## Instructions for the task
From the first line to the last, restate every record word for word, leaving out the pictures.

Records from a data source
***
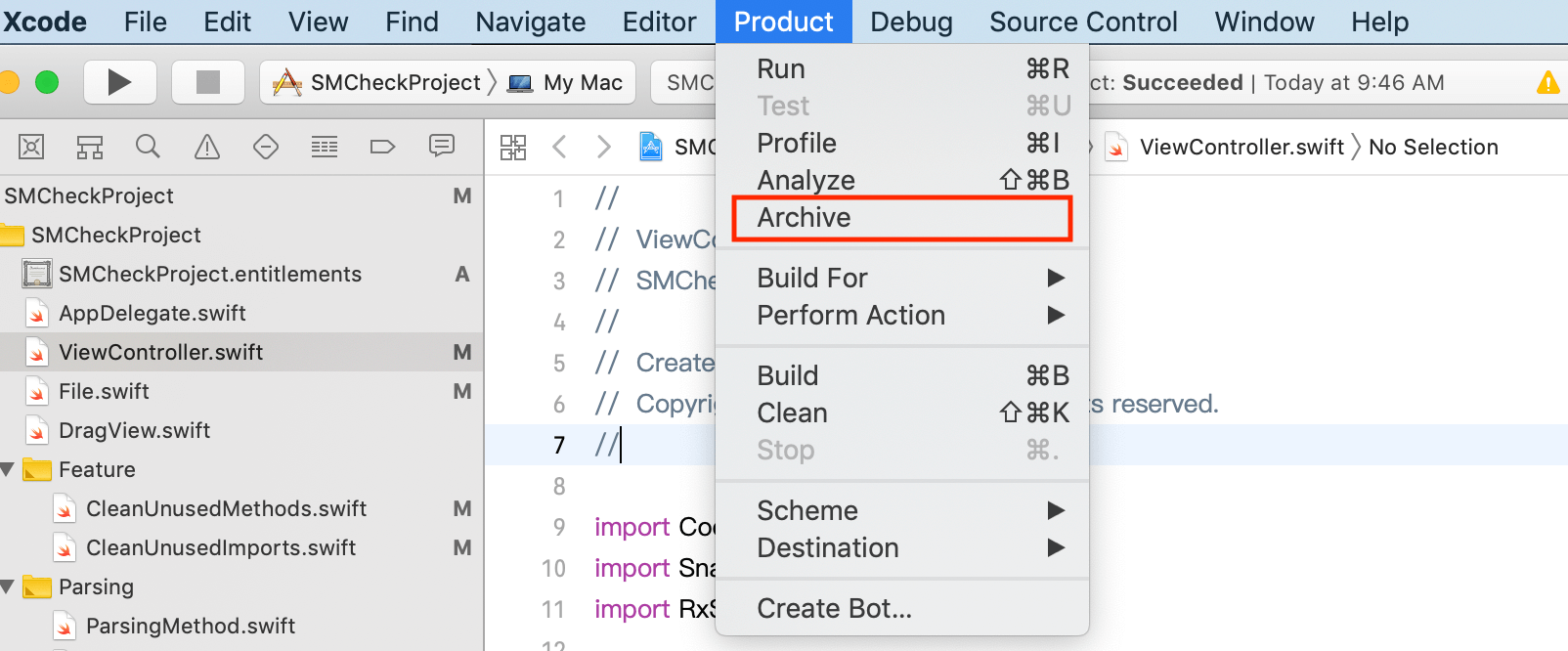 收集崩溃日志最简单的方法,就是打开 Xcode 的菜单选择 Product -> Archive。如下图所示:
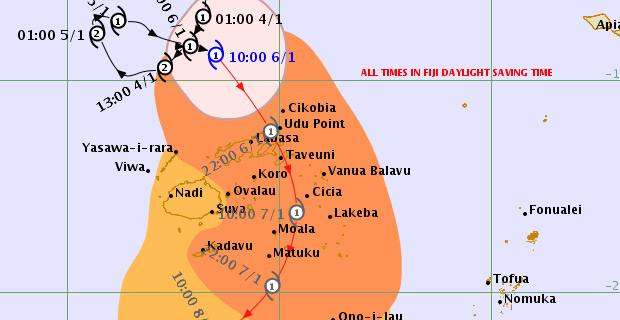 On the forecast track the centre is expected to be located about 50km East-Northeast of Taveuni or about 120km East of Labasa 1am tomorrow.
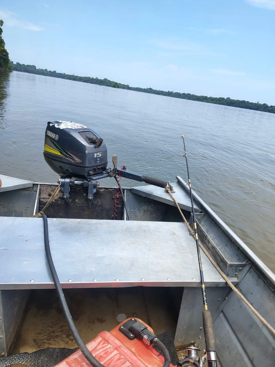 Um barco equipado com um motor Yamaha 15 HP.
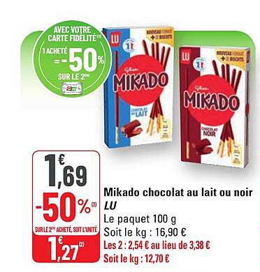 Découvrez l'offre de Mikado Chocolat Au Lait Ou Noir chez G20! Cette offre fantastique est maintenant disponible dans le nouveau catalogue de G20. Profitez de cette occasion et économisez considérablement sur votre achat.
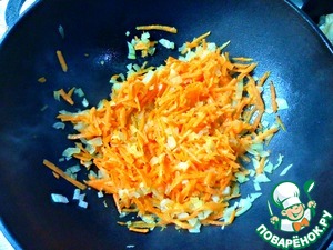 Лук и морковь очистить, морковь вымыть. В сотейнике обжарить нарезанный мелким кубиком лук и натертую морковь в течении 3-4 минут. Можно обжарить на том же масле, на котором обжаривали курицу.
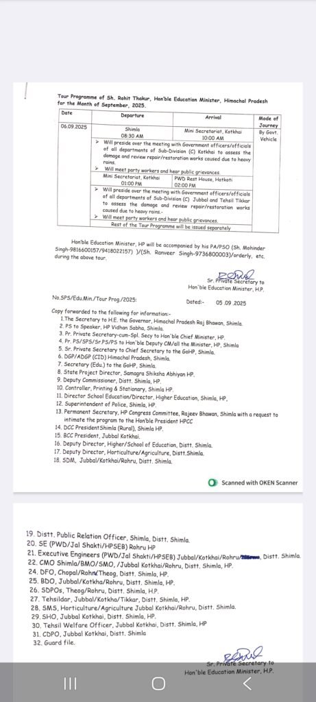 News शिक्षा मंत्री रोहित ठाकुर 6 सितम्बर को जुब्बल-नावर-कोटखाई विधानसभा क्षेत्र के प्रवास पर रहेंगे by Himachalaajkal September 5, 2025 Share FacebookTwitterPinterestWhatsApp Previous articleआपदा प्रभावितों को वन भूमि और विशेष राहत पैकेज के लिए केन्द्र पर दबाव बनाएं भाजपा सांसद: मुख्यमंत्रीNext articleदेश व प्रदेश मंडियों में पहुंची 1.40 करोड़ सेब की पेटियां Himachalaajkalhttp://himachalaajkal.in Get in Touch LEAVE A REPLY Cancel reply Comment: Please enter your comment! Name:* Please enter your name here Email:* You have entered an incorrect email address! Please enter your email address here Website: Save my name, email, and website in this browser for the next time I comment. Related Articles News मुख्यमंत्री से नादौन विधानसभा क्षेत्र के बड़ा और फस्टे ग्राम पंचायत के प्रतिनिधिमंडल ने की मुलाक़ात News समावेशी शासन की दिशा में सशक्त कदमः सामाजिक सुरक्षा से सुदृढ़ हो रहा वंचित वर्ग News शिक्षा मंत्री ने निजी बस हादसे में 14 लोगों की मृत्यु पर शोक व्यक्त किया Live Cricket ScoresShimla, Himachal Pradesh weather forecast hourly
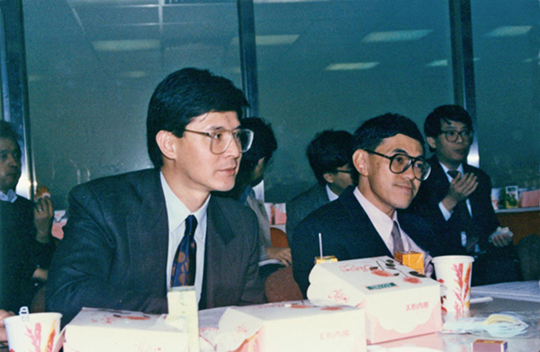 1988年12月,羅康瑞(左)與胡經(jīng)緯(右)在香港上海實(shí)業(yè)有限公司座談。
***
## Solution below
 收集崩溃日志最简单的方法,就是打开 Xcode 的菜单选择 Product -> Archive。如下图所示:
 On the forecast track the centre is expected to be located about 50km East-Northeast of Taveuni or about 120km East of Labasa 1am tomorrow.
 Um barco equipado com um motor Yamaha 15 HP.
 Découvrez l'offre de Mikado Chocolat Au Lait Ou Noir chez G20! Cette offre fantastique est maintenant disponible dans le nouveau catalogue de G20. Profitez de cette occasion et économisez considérablement sur votre achat.
 Лук и морковь очистить, морковь вымыть. В сотейнике обжарить нарезанный мелким кубиком лук и натертую морковь в течении 3-4 минут. Можно обжарить на том же масле, на котором обжаривали курицу.
 News शिक्षा मंत्री रोहित ठाकुर 6 सितम्बर को जुब्बल-नावर-कोटखाई विधानसभा क्षेत्र के प्रवास पर रहेंगे by Himachalaajkal September 5, 2025 Share FacebookTwitterPinterestWhatsApp Previous articleआपदा प्रभावितों को वन भूमि और विशेष राहत पैकेज के लिए केन्द्र पर दबाव बनाएं भाजपा सांसद: मुख्यमंत्रीNext articleदेश व प्रदेश मंडियों में पहुंची 1.40 करोड़ सेब की पेटियां Himachalaajkalhttp://himachalaajkal.in Get in Touch LEAVE A REPLY Cancel reply Comment: Please enter your comment! Name:* Please enter your name here Email:* You have entered an incorrect email address! Please enter your email address here Website: Save my name, email, and website in this browser for the next time I comment. Related Articles News मुख्यमंत्री से नादौन विधानसभा क्षेत्र के बड़ा और फस्टे ग्राम पंचायत के प्रतिनिधिमंडल ने की मुलाक़ात News समावेशी शासन की दिशा में सशक्त कदमः सामाजिक सुरक्षा से सुदृढ़ हो रहा वंचित वर्ग News शिक्षा मंत्री ने निजी बस हादसे में 14 लोगों की मृत्यु पर शोक व्यक्त किया Live Cricket ScoresShimla, Himachal Pradesh weather forecast hourly
 1988年12月,羅康瑞(左)與胡經(jīng)緯(右)在香港上海實(shí)業(yè)有限公司座談。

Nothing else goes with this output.